Error codes still get used instead of exceptions. Patrick Martin and Dietmar Kühl consider how to use char arrays for better information.

The use of exceptions isn’t a viable error handling approach in all cases and returning codes for error handling is sometimes preferable. However, using integral types for error identification is problematic as there is no good mechanism to guarantee that each value uniquely identifies a specific error. This article proposes the use of char arrays instead as these are unique straight away. In addition char arrays also yield a simple way to get an indication of the cause of an error.

Problem statement

High quality software requires a well defined and straightforward error handling strategy to allow a system to protect or verify its invariants in the face of invalid input or runtime state. There are many positions taken on how to achieve this (see [Google15], [Bloomberg15] [Mozilla15] [Wikipedia15]). It seems clear that there is not yet a consensus on the issue.

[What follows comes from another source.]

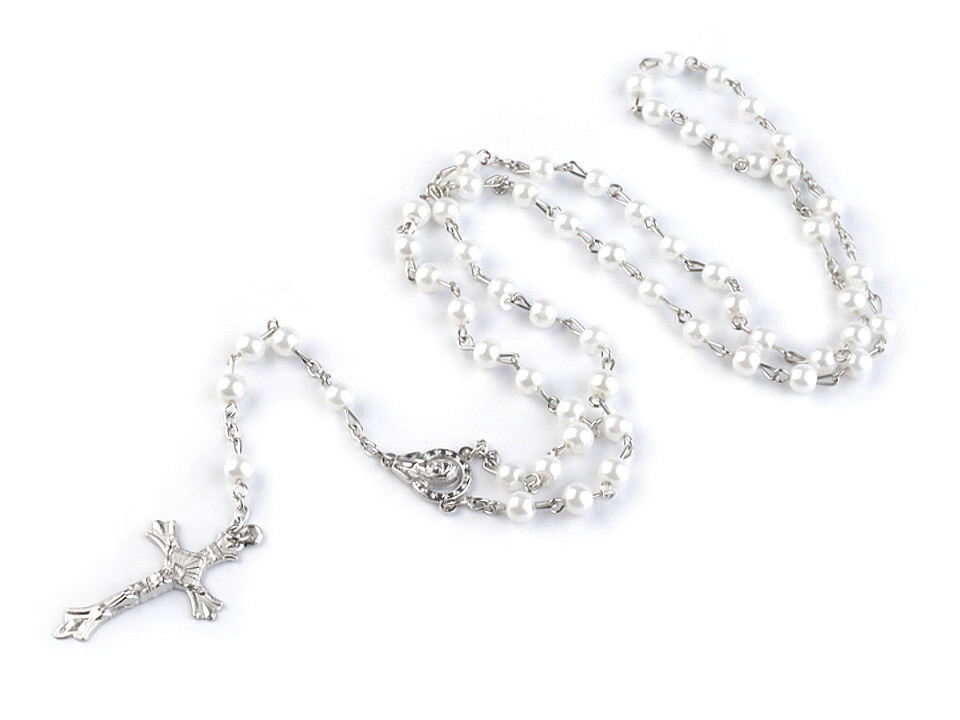 - Poutavý design: Detailní kovový křížek dodává růženci elegantní a tradiční vzhled.

Nevertheless, error handing is everyone’s responsibility and particularly so for applications coded in C++ and C. In this article we will make a proposal, which we’ll call error_id, that can be used as an identity concept (concept with a little ‘c’) to ensure when a specific course of action is desired, the error state reported by an API can be unambiguously recognised at arbitrarily remote call sites.

Review of C++ and C approaches

A very common style for reporting from functions in C and C++ is using enum or int values to enumerate all possible reported statuses and returning these values from library calls. An extension of this approach is to encode a value and some additional category info into an integral value, forming a system of return statuses like HRESULT [Wikipedia 2015]. However these different sets of independent enum and int return values cause significant issues from the mapping of these independent sets when interfaces must be composed into new interfaces that themselves must define new return statuses. HRESULT-style status values do not have this issue, but a given system must have all possible error return statuses registered, so that they can be reported and handled consistently. This scales poorly to larger software system. Note that in COM/DCOM HRESULTs can be the outcome of IPC calls, thus extending into other universes of HRESULT values.

It is possible to define even more complex error handling schemes, such as registering callbacks or having an explicit error stack. And finally, global or thread-local system library variables for an errno style approach are of course available, with the usual basket of caveats.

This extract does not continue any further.